Though it was phrased as a question, he didn’t have much choice so Colt nodded, “Yeah.”
“Good. I’ll see ya tonight.”
“Yeah, now get outta my shop.”
Lincoln chuckled again and backed away slowly, hands in the air in an imaginary show of defeat. He’d gotten what he came for, that was the only reason he was leaving. Colt wasn’t naïve enough to think that he’d won anything because there was no winning with his family.
“Hey now, remember it’s still half mine until you pay off that debt, Cuz.”
He scowled when Lincoln winked as if it were a joke. It wasn’t. He knew better. It was a not so subtle reminder to watch his tone and his place. Lincoln cut him a lot of slack because they were related but he would only be pushed so far. The backtalking and threats were acceptable, but only in private. Doing it in public would not be conducive to his good health or the pristine tattoo studio they were standing in.

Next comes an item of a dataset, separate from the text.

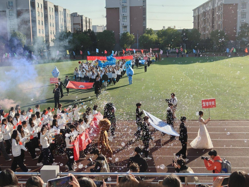 开幕式伊始,校长发表开幕词,强调运动会是培养学生团结协作、顽强拼搏精神的重要载体。全体裁判员宣誓公正执裁后,各方阵依次进场。在庄严的校旗方阵、五彩斑斓的彩旗队入场预热后,各学院代表队登场,瞬间将现场气氛推向小高潮。

For about the millionth time, Colt cursed himself for accepting Lincoln’s money and using some of it to open Fine Lines. Taking his money had been the opposite of walking away from the family business. If Colt took the dirty money he had to do the dirty deeds that went along with it. But he’d needed that money, Cash had needed it, and Lincoln was the only one that had offered.
So far he’d never asked for all that much in return. A couple of fights a month in the underground MMA style matches their cousin Abel ran had worked off most of his debt. He was a sure thing in any fight, had never lost, and with Lincoln backing him the money they raked in almost made it worth it.